In a new white paper, Robeco’s fundamental sovereign strategist Philip McNicholas and SI specialist Laura Bosch explore how sustainability factors impact our near-term assessment of financial markets, and the longer-term solutions that can help increase economic resilience. They highlight the interaction between geopolitical issues and the ability to feed growing populations.
Their research looks at how the impact of climate change and higher natural gas prices resulting from the Russia-Ukraine conflict has impacted fertilizers prices and placed upward pressure on food inflation. The lens of the Sustainable Development Goals is used, since food inflation will have a measurable impact on SDGs 1, 2 and 3 in the areas of hunger, poverty, and health and well-being respectively.

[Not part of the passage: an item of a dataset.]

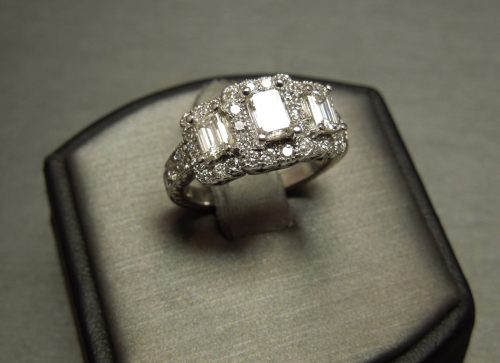 Going down each side of shank are 3 Nearly Colorless Nearly Flawless Round Brilliant cut Diamonds

Ramifications of inflation
Rising inflation could also result in higher interest rate policies, as price pressures build together with fiscal pressures, which in turn could impact on the economy reflected in SDGs 8 (decent work and economic growth) and SDG 9 (industry, innovation and infrastructure). All of this can impact companies in various ways, from rising funding costs to increasing wage pressures.
The paper focuses on the likely macroeconomic impact on the major Asian food-growing regions of China, India, Indonesia and Thailand. Each faces different macroeconomic, political and social consequences from these evolving dynamics, with potentially underappreciated ramifications that could extend beyond their respective domestic markets.